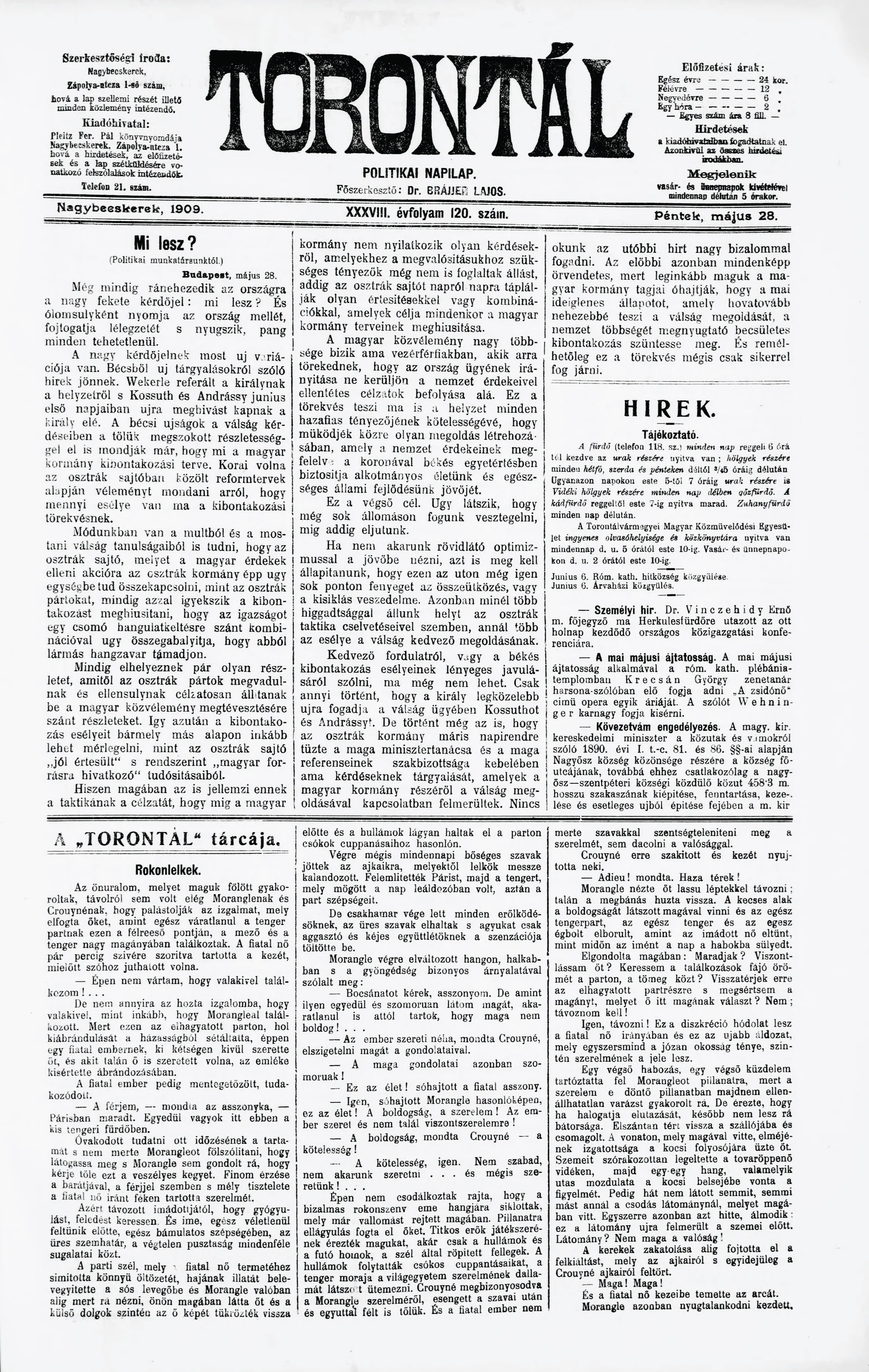 Torontál, 38. évf. 1909. május 28. 120. sz.
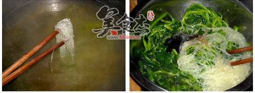 1. 菠菜切去根部,清洗干净,切段;粉丝用凉水泡软;烧一大锅水,水开后放进菠菜,加入慕急殊油、盐
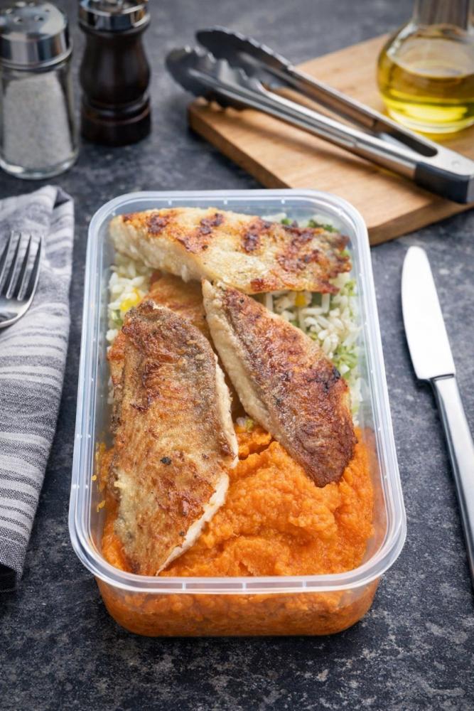 FILÉ TILAPIA GRELHADA,ARROZ COM BROCOLIS,PURE ABOBORA

Task to carry out ::
Write out exactly the lines from the line that contains "1. 菠菜切去根部,清洗干净" through the end of the material, including both ends. No pictures belong in the copy.

Written response ::
 1. 菠菜切去根部,清洗干净,切段;粉丝用凉水泡软;烧一大锅水,水开后放进菠菜,加入慕急殊油、盐
 FILÉ TILAPIA GRELHADA,ARROZ COM BROCOLIS,PURE ABOBORA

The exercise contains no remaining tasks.